Segment Start: GIVEN INFORMATION

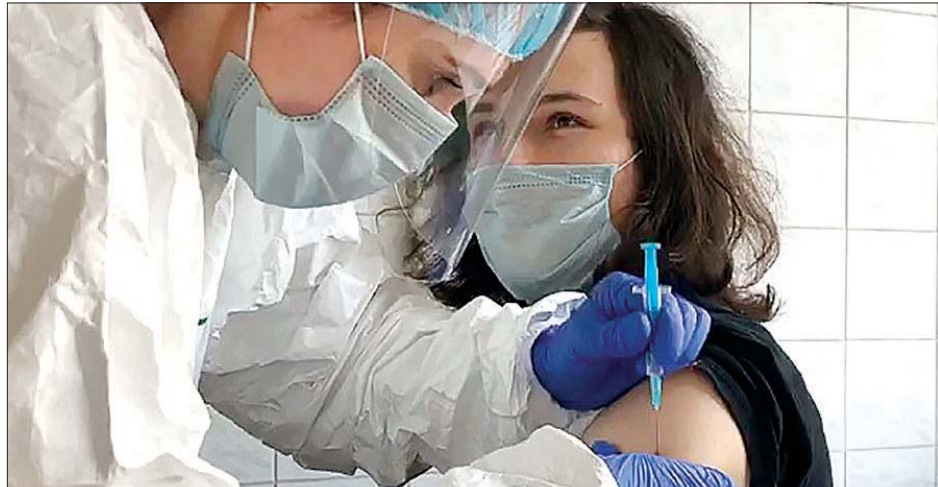
ကိုဗစ်- ၁၉ ကာကွယ်ဆေးကို စေတနာရှင်တစ်ဦးအား စမ်းသပ်ထိုးနှံပေးစဉ်။

ကြားခဲ့သည်။ ကာကွယ်ဆေးထိုးနှံပေးခြင်းကို လာမည့် ဒီဇင်ဘာ ၁၁ ရက်နှင့် ၁၂ ရက်တို့တွင် စတင်နိုင်ရန် ခန့်မှန်းထားကြောင်း ၎င်းက ပြောသည်။ အေအက်ဖ်ပီ
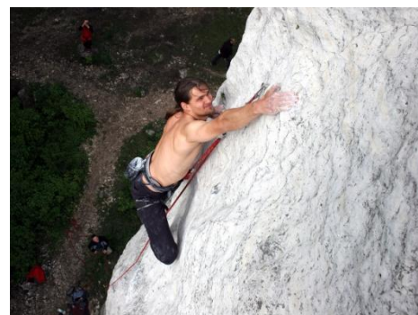
Fot. Piotr Szamocki - „Donos VI.5”
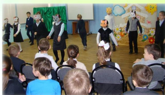
Театрализованная игра «Экотеремок»
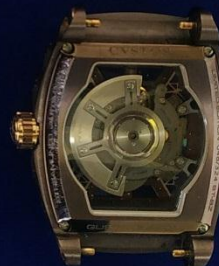
รายการที่ 4
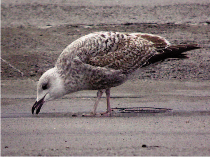
Foto 4. Gavina atlàntica subespècie argentatus (Herring Gull) Larus argentatus argentatus , de quart any de calendari. Al moll Vell del port de Palma, novembre de 2010.
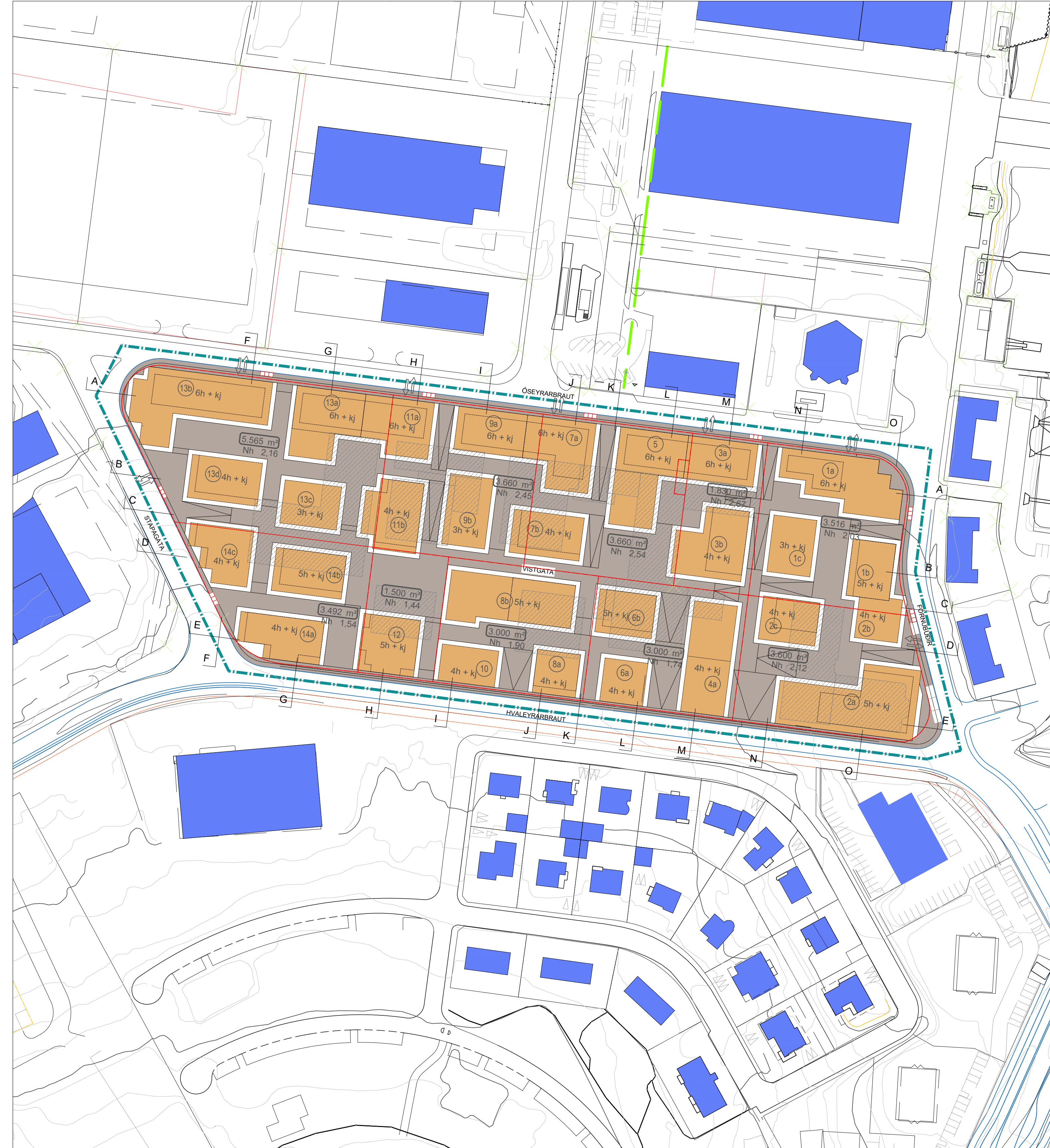
Tillaga að deiliskipulagi - mkv. 1:1000
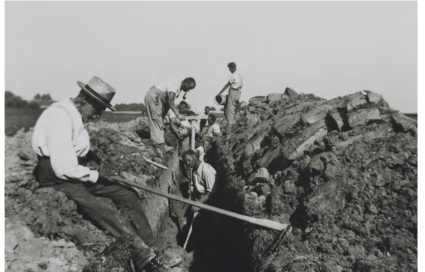
Erstellen einer Drainage, Flue in Vorimholz, um 1940
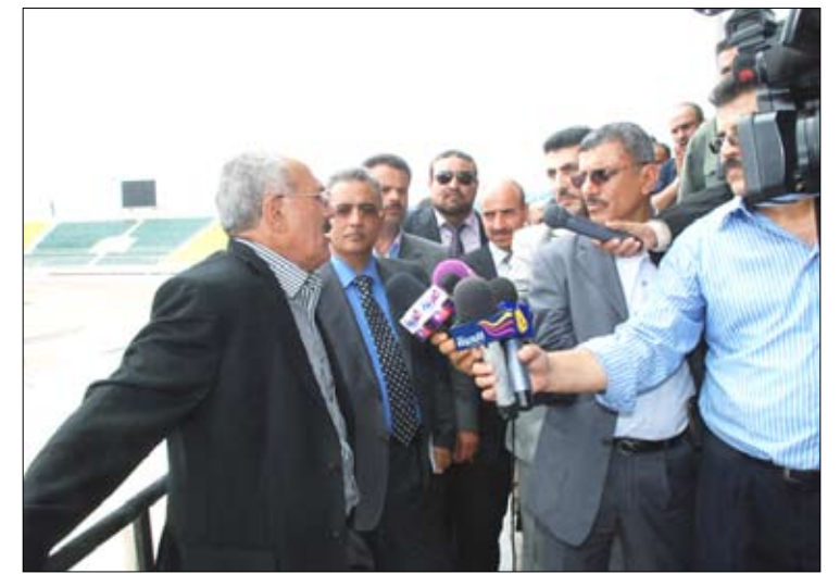
.. ويبدلي بتصريح لوسائل الإعلام
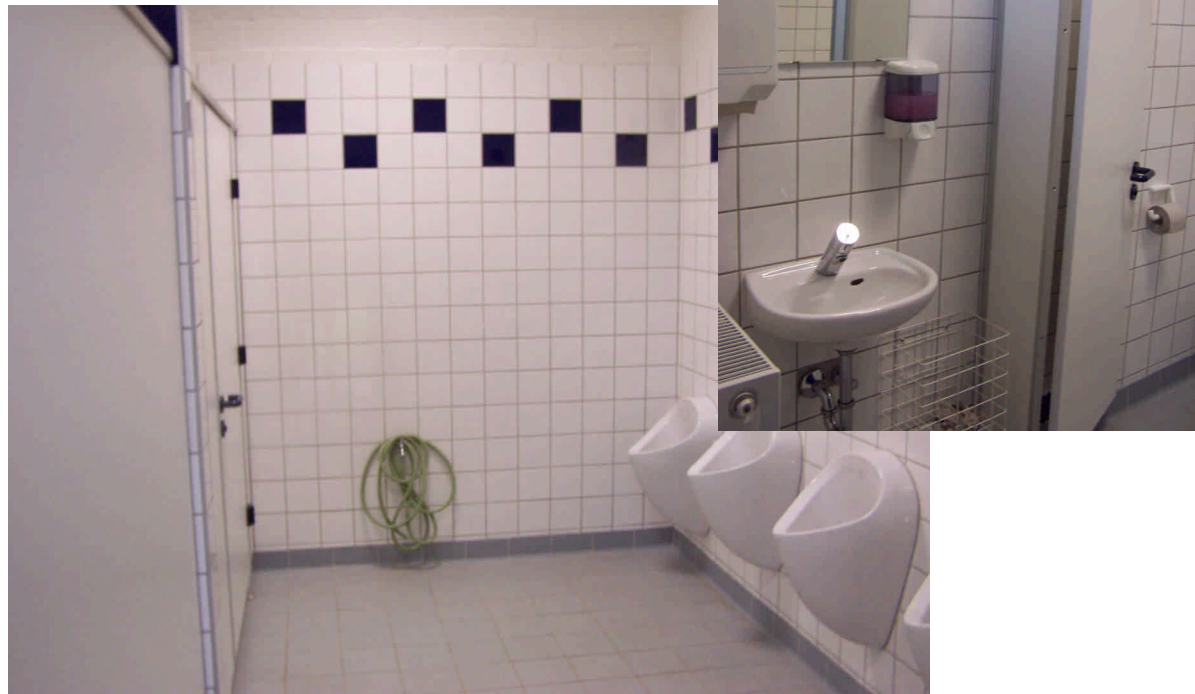
Sanierte Herren WC

Segment End: GIVEN INFORMATION

REQUIRED WORK —
All of the data should be returned word for word, with each picture left out.

ANSWER BOX —
ကိုဗစ်- ၁၉ ကာကွယ်ဆေးကို စေတနာရှင်တစ်ဦးအား စမ်းသပ်ထိုးနှံပေးစဉ်။

ကြားခဲ့သည်။ ကာကွယ်ဆေးထိုးနှံပေးခြင်းကို လာမည့် ဒီဇင်ဘာ ၁၁ ရက်နှင့် ၁၂ ရက်တို့တွင် စတင်နိုင်ရန် ခန့်မှန်းထားကြောင်း ၎င်းက ပြောသည်။ အေအက်ဖ်ပီ
Fot. Piotr Szamocki - „Donos VI.5”
Театрализованная игра «Экотеремок»
รายการที่ 4
Foto 4. Gavina atlàntica subespècie argentatus (Herring Gull) Larus argentatus argentatus , de quart any de calendari. Al moll Vell del port de Palma, novembre de 2010.
Tillaga að deiliskipulagi - mkv. 1:1000
Erstellen einer Drainage, Flue in Vorimholz, um 1940
.. ويبدلي بتصريح لوسائل الإعلام
Sanierte Herren WC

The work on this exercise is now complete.